Fin dal 1987, dopo aver conseguito il diploma, nonché il titolo di diploma di laurea in scienze industriali in una libera
università, mi sono occupato di servizi reali alle imprese, in particolare di finanza agevolata e finanziamenti pubblici,
nazionali e comunitari, di fattibilità economico-finanziaria, di progetti di investimento, di valorizzazione di beni
patrimoniali, di promozione nuove imprese e sviluppo socio economico.
Ho acquisito una competenza specifica nella programmazione, nell’attuazione e nel controllo di gestione dei Fondi
Strutturali UE, occupandomi, nella qualità di responsabile di progetto, dei programmi operativi e progetti integrati
territoriali, delle azioni di sistema, della programmazione negoziata – contratti d’area e patti territoriali e degli accordi di
programma quadro, in particolare nei settori dell’innovazione tecnologica e dell’analisi costi-benefici.
Sono docente a contratto di scienze sociali e ho svolto attività di supporto scientifico e indagini sul campo nell’ambito
della sociologia economica all’Università Mediterranea di Reggio Calabria, Dipartimento PAU, come ricercatore e
cultore della materia di discipline economiche.

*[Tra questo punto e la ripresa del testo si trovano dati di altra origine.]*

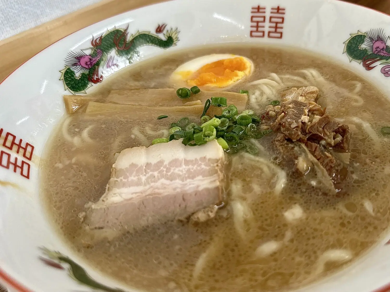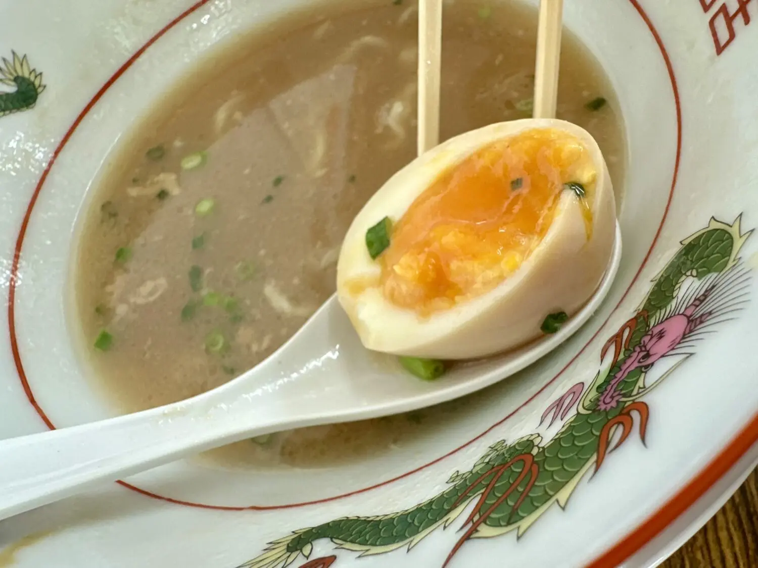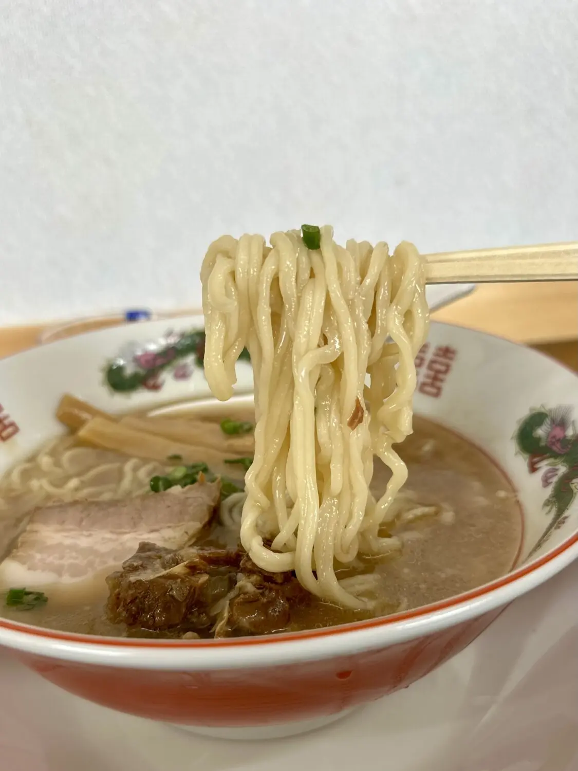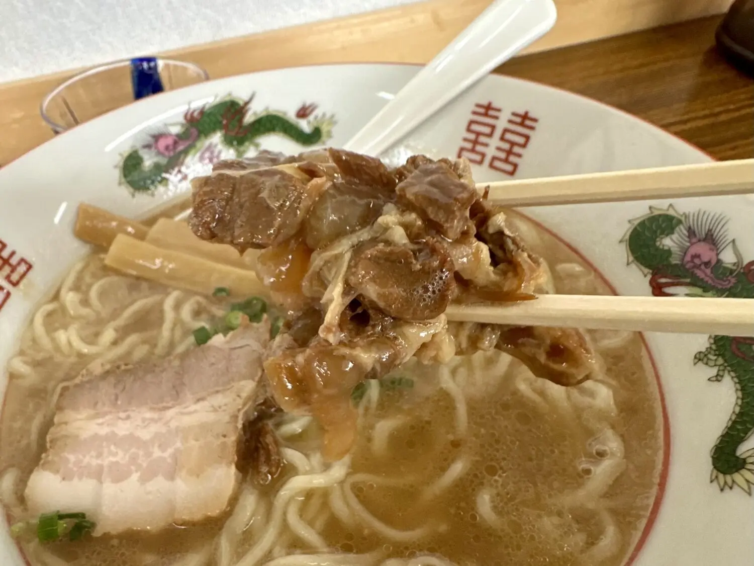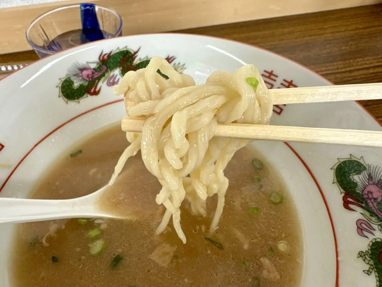 スープは表層にアブラ浮かんだ豚骨しょうゆの優しい色合い

Svolgo l’attività di formatore e di gestione delle risorse umane, ricerca e selezione del personale, analisi del clima
aziendale, strutturazione piani carriera, sviluppo organizzativo, programmazione di corsi di formazione per aziende
pubbliche e private
Sono impegnato come giornalista, iscritto all’ordine dei giornalisti, scrivendo sui temi di politiche economiche e sociali,
politiche comunitarie e sviluppo sostenibile, pubblicando più di 70 ricerche ed indagini pubblicate e rintracciabili sui siti
di ricerca sulla letteratura accademica Google Scholar e Researchgate.